Downtown Omaha businesses and residents are lucky to have a particularly durable electrical system — an extensive network of underground cables and equipment vaults.
So durable is this type of electrical system that rarely does it experience an outage during storms.
Thus, Hurricane Sandy provided what was a first for some Omaha Public Power District employees trained to work on downtown's system — a chance to travel to another community and help it recover from a storm. By contrast, above-ground crews routinely travel to storm-stricken communities as part of the utility industry's mutual aid agreements.
OPPD sent about half of its downtown crew to New York City — six of 14 “splicers.” Along with those workers went a seventh person, foreman Jerry Benedict.
These workers are specially trained, not because they work underground, but because they work with lead cable, the backbone of the downtown systems in Omaha and New York.
Lead cabling is a technology that is decades old, highly reliable but also extremely expensive. It no longer is widely used. Instead, polyurethane cables are in common use.

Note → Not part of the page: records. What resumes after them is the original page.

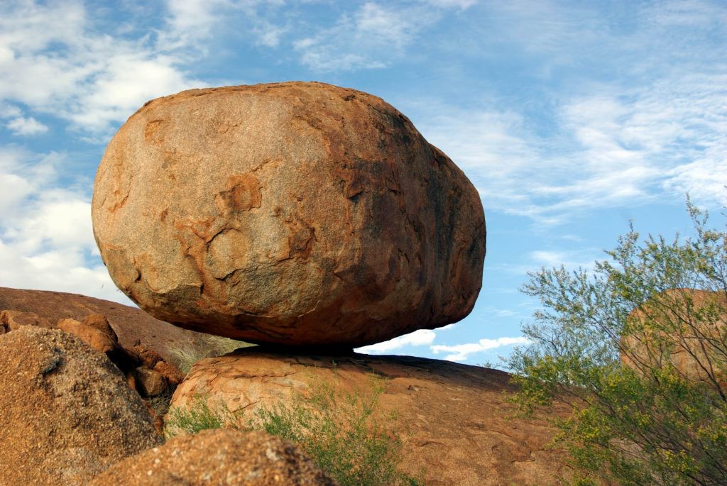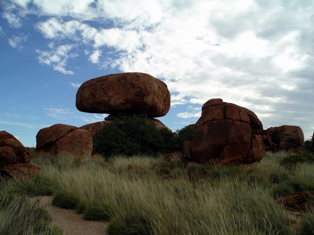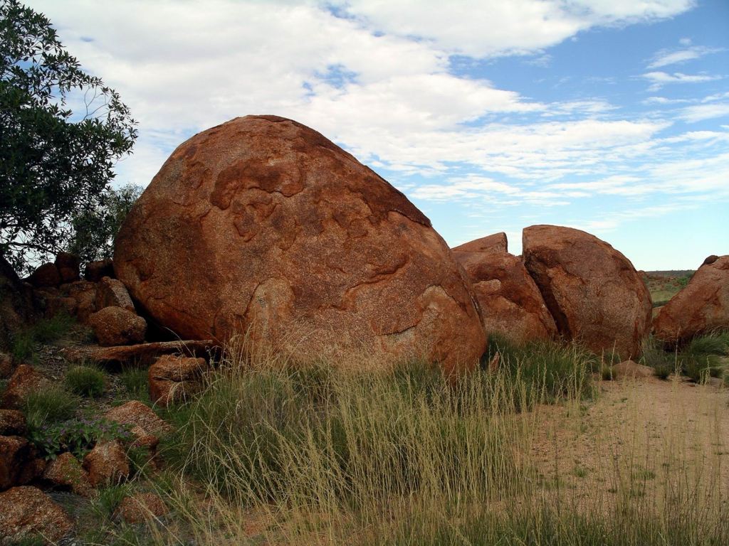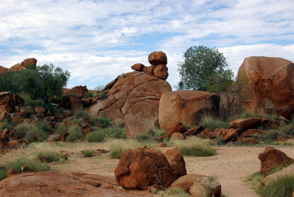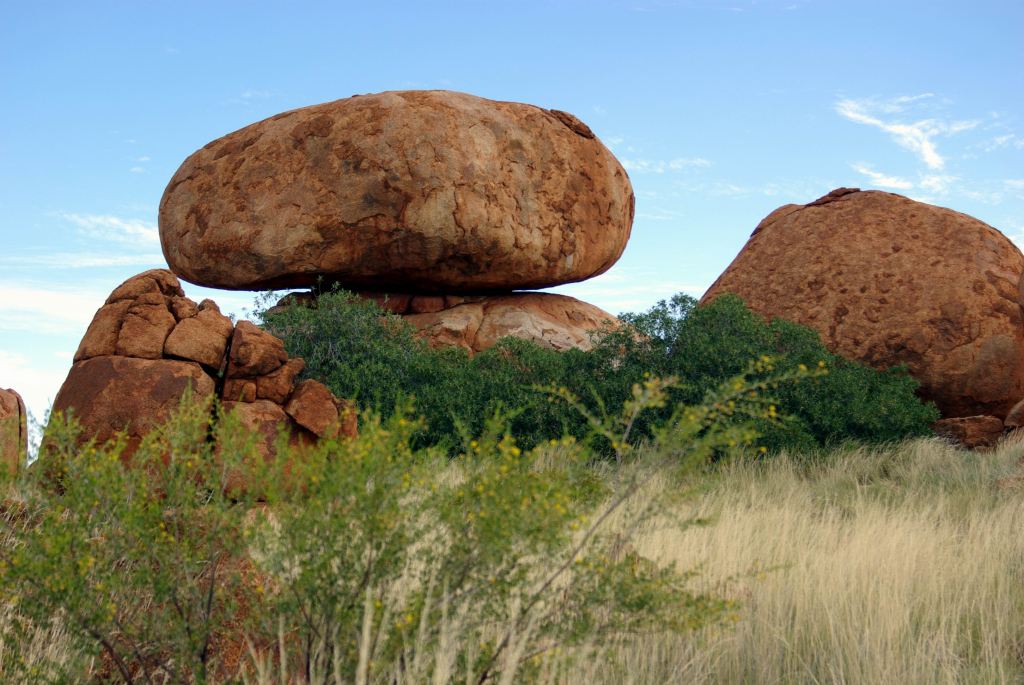The Devils Marbles were originally formed as molten granite intrusions up through weaknesses like cracks, into overlying sandstone, where the granite cooled. Over time, the sandstone has eroded away, leaving the blobs of granite as the feature we see today.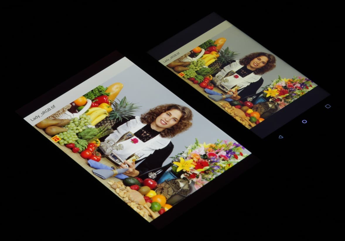 Видно, что цвета не сильно изменились у обоих экранов, но у Wileyfox Storm контраст уменьшился в большей степени из-за сильного высветления черного и большего падения яркости. И белое поле: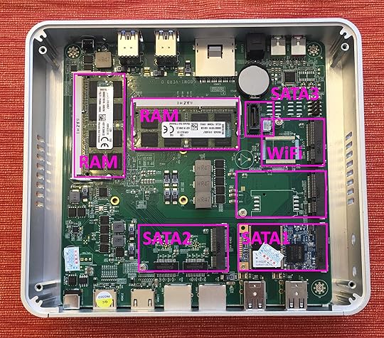 The machine has M.2 slots for two drives, as well as a SATA port and power cable (not pictured, but was included in the box) if you want to mate a 2.5" drive with the drive mounting holes on the bottom of the case. So if you prefer a mirrored two drive RAID array here for reliability, or a giant honking 2TB 2.5" HDD slapped in there for media storage, all of that is possible!

The lead cables themselves didn't fail in New York. Power was lost when floodwater in the underground vaults damaged the transformers and protectors. It was in these vaults where OPPD crews worked repairing and replacing network protectors.
Omaha has about 250 such vaults in downtown, while Manhattan has about 25,000.

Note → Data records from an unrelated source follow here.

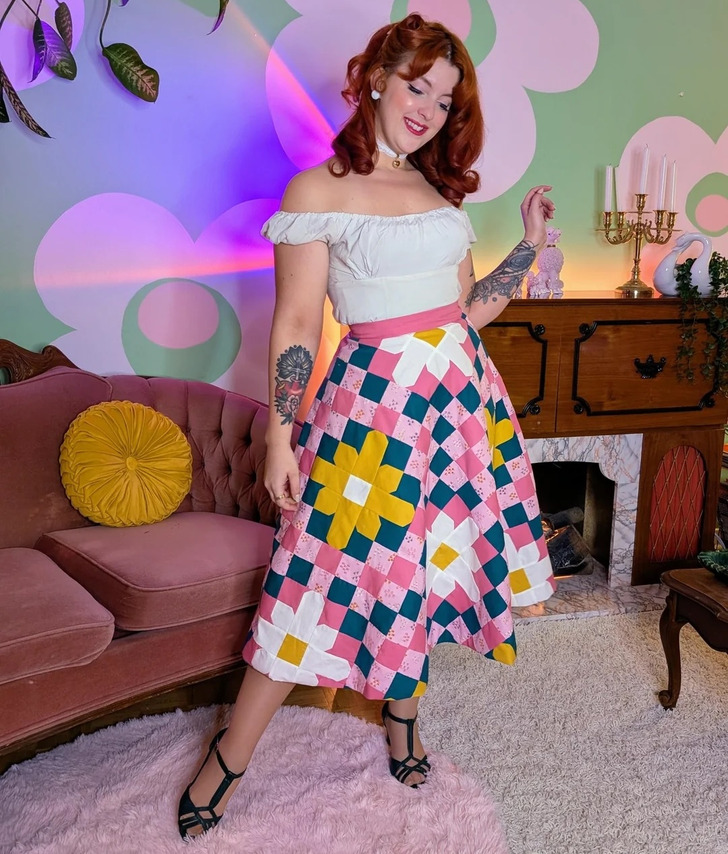 „Od dawna fascynował mnie patchwork, ale uszycie całego koca to już byłoby dla mnie za dużo — zwykle szyję ubrania. Dlatego powstała taka właśnie spódnica z łatek”.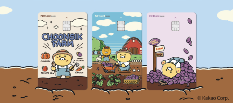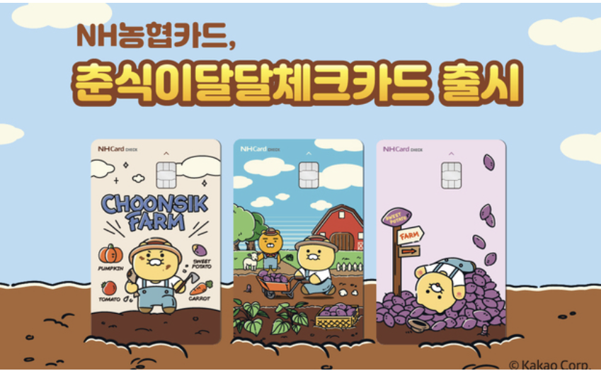 NH농협과 카카오가 함께 만들었습니다. 춘식이달달체크카드는 귀여운 춘식이와 고구마 농부를 그린 것입니다. 세 가지 디자인을 제공해 고객이 좋아하는 것을 선택할 수 있어요.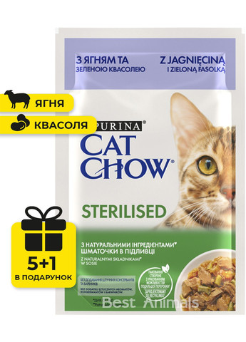 Влажный корм для стерилизованных кошек Cat Chow Sterilised содержит все необходимое для того, чтобы ваш любимец имел полноценную и здоровую жизнь. Преимущества: полнорационный влажный корм для кастрированных кошек старше 1 года; является сбалансированным рационом, обеспечивающим организм любимца необходимыми питательными веществами; изготовлен из высококачественных натуральных ингредиентов, благодаря чему корм обладает отличными вкусовыми характеристиками и привлекательным ароматом; нежные кусочки заправлены аппетитным желе, которое делает поданное блюдо сочным и легким для усвоения; содержит витамины, железо, йод и цинк, комплексно укрепляющие и защищающие организм любимца; с добавлением таурина, жизненно важной для кота аминокислоты, поддерживающей его зрение и сердечно-сосудистую систему; помогает сбалансировать основной рацион кота, таким образом активизируя его обмен веществ и улучшая самочувствие; без добавления искусственных ароматизаторов и консервантов. Состав: мясо и субпродукты животного происхождения (из которых ягненок 4%), экстракты растительного протеина, рыба и продукты переработки рыбы, минеральные вещества, овощи (0,9% дегидратированной зеленой фасоли, что эквивалентно 8,1% зеленой фасоли), продукты переработки. Питательные кормовые добавки: витамин А 1000 МЕ/кг; витамин D3 139 МЕ/кг; сульфат железа (Fe 12) мг/кг; йодат кальция (I 0,3) мг/кг; сульфат меди (Cu 0,9) мг/кг; сульфат марганца (Mn 1,6) мг/кг; сульфат цинка (Zn 17) мг/кг; таурин 455 мг/кг.

Lead cable requires special expertise because of the weight, configuration of the cable and the greater amount of time it takes to do the work. Additionally, the equipment and cables in these vaults expose workers to live electricity — sometimes as much as 13,000 volts.
Surprisingly, the greatest danger isn't electrocution, but an arc flash fire. As a result, the workers wear fire-resistant clothing, which includes fire resistant shirts and special high-voltage gloves.
When in proximity to energized equipment, they wear an extra layer of fire-resistent clothing and a helmet similar to what welders wear.